Precipitation-dependent corrosion analysis of heat treatable aluminum alloys via friction stir welding, a review

Abstract

Although the various advantages of novel Friction stir welding (FSW) process; the weld surfaces are subjected to various serious problems such as lower corrosion resistance, high susceptibility to stress corrosion cracking and poor joint fatigue strength due to complex material flow and severe plastic deformation during the welding process. Corrosion behaviour of friction stir welded (FSWed) precipitate strengthening Al alloys have significant impact on metallurgical and electrochemical properties of structures. In FSW of precipitate strengthening Al alloys the localized heat input and severe plastic deformation creating appreciable changes in microstructure and modifies the microchemistry and metallurgical characteristics of precipitates. The heterogeneous distribution of precipitates and precipitate free zones (PFZs) along the grain boundaries leads to variation in electrochemical behaviour across the weld zones and hence increasing the susceptibility of weld surface to various corrosion attacks such as intergranular corrosion, pitting corrosion, exfoliation corrosion, stress corrosion cracking and galvanic corrosion.
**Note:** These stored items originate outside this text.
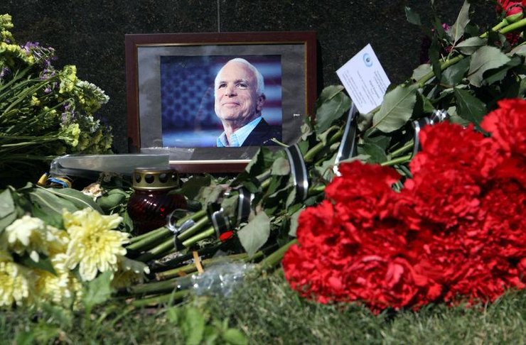 В Киеве к посольству США принесли цветы в память о Джоне Маккейне
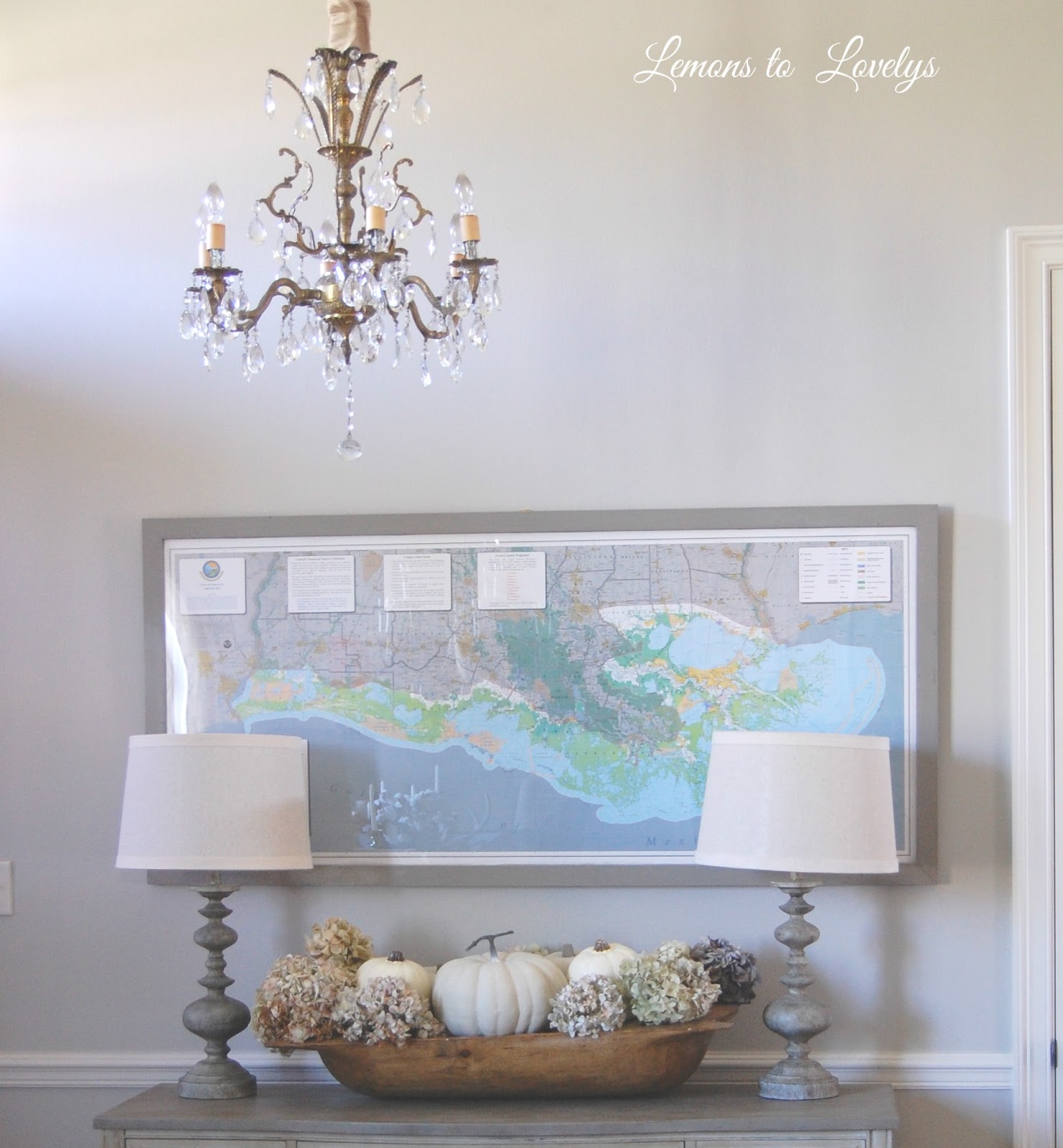 faux pumpkins-Hobby Lobby painted with Country Gray by ASCP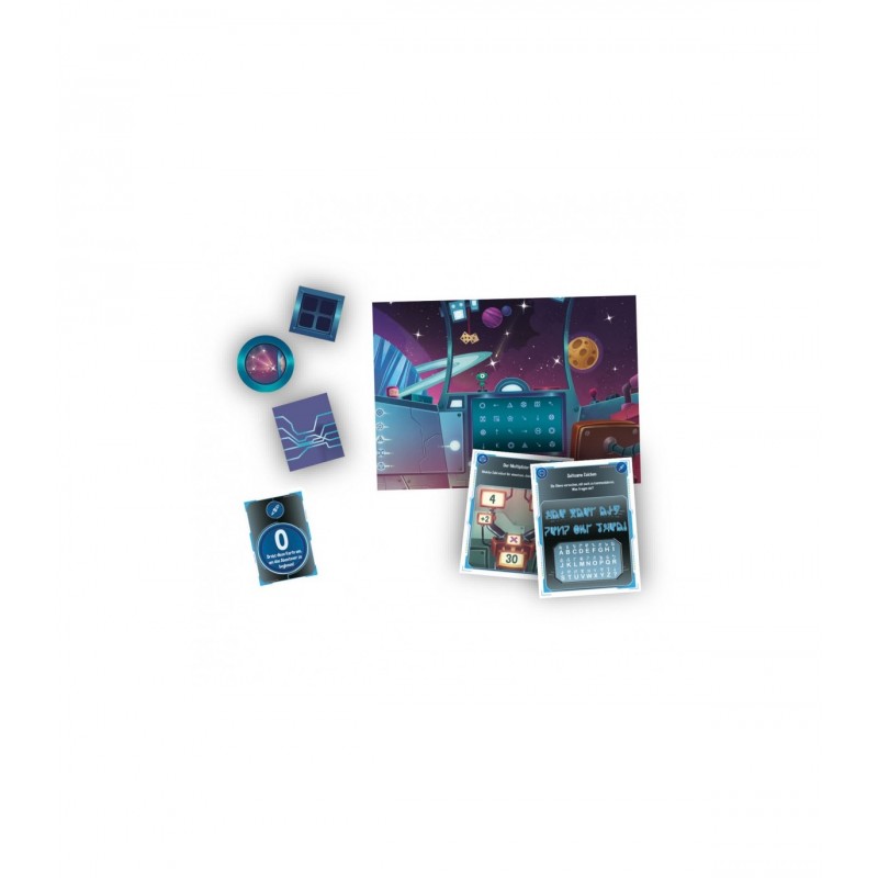Un entretenimiento único y una aventura a base de enigmas que agudizan el ingenio y desarrollan la lógica, el pensamiento matemático, la capacidad de observación y el lenguaje. Cada carta esconde una pista para continuar la aventura e intentar completar el viaje en el espacio. Incluye una baraja de cartas con enigmas, un tablero y objetos útiles para encontrar las pistas.

However, the corrosion resistance of FSWed joints can be improved either by reducing the size or redissolve the coarsened precipitates within the joint or modifying the microchemistry by controlling the size, location and distribution of precipitates which largely determine the corrosion rate of the weld surfaces. Consequently, it is imperative to address the influence of material modifications during FSW on corrosion behaviour of weld surface. This review paper addresses the precipitate dependent corrosion behaviour of FSWed joints of heat treatable/precipitate strengthening Al alloys and the various effective methods either to reduce or eliminate the effect of corrosion attack in FSWed joints of heat treatable Al alloys.